As far as we are aware, no one ever doubted the existence and the danger of said disease at any occasion of its appearance, since it came and went for almost 500 years in Europe.
There were different interpretations as to why such a devasting outbreak had come into being, inevitably leading to some to believe it was a divine punishment for humanity's sins, a first swipe of destruction before the coming of Jesus and the apocalypse. I am inclined to interpret this tendency given the speculated death toll in the span of three years (1347-1350), speculated between the 75 and 200 milion people, possibly making up one third of the whole continent's population at that time.

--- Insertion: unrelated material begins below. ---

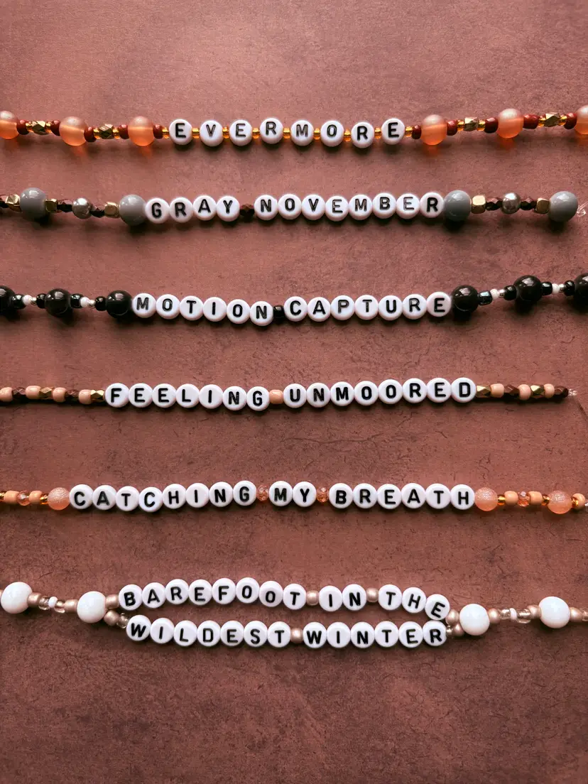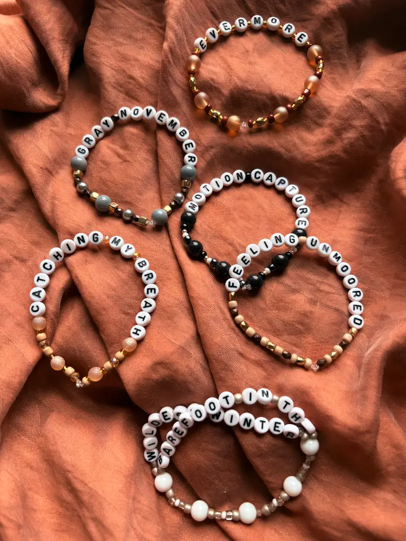 Are you feeling unmoored this gray November? 🤎 Check out this bracelet set! The bracelets you receive will say the same lyrics as those in the pictures. The set includes one double-strand bracelet. The bracelets are made with stretch elastic and do not have clasps. They are each approximately 6.5 inches in length.

We are told by chroniclers that people suddenly got ill, had very high fevers, chills, began vomiting and coughing blood alongside big, black buboes. Whole families could die in a matter of days, left in their homes until civil authorities managed to go get them, others wandered the streets and died huddled in corners, alone or with others. Occasions of cremation and mass graves were also discovered among various outbreaks, such as later oubreaks in Venice where two small islets were converted into leper colonies, where mass burials of plague victims treated with quicklime were found. Giovanni Boccaccio (1313-1375) recounts of the aforementioned outbreak of the XIV century in Florence, where within three days from the contagion, almost all, some even without fever, died. He also described its incredible infectivity by describing it akin to fire jumping on dry or oily wood.
It was perceived as the end of the world, and its damage could in no measure be negated.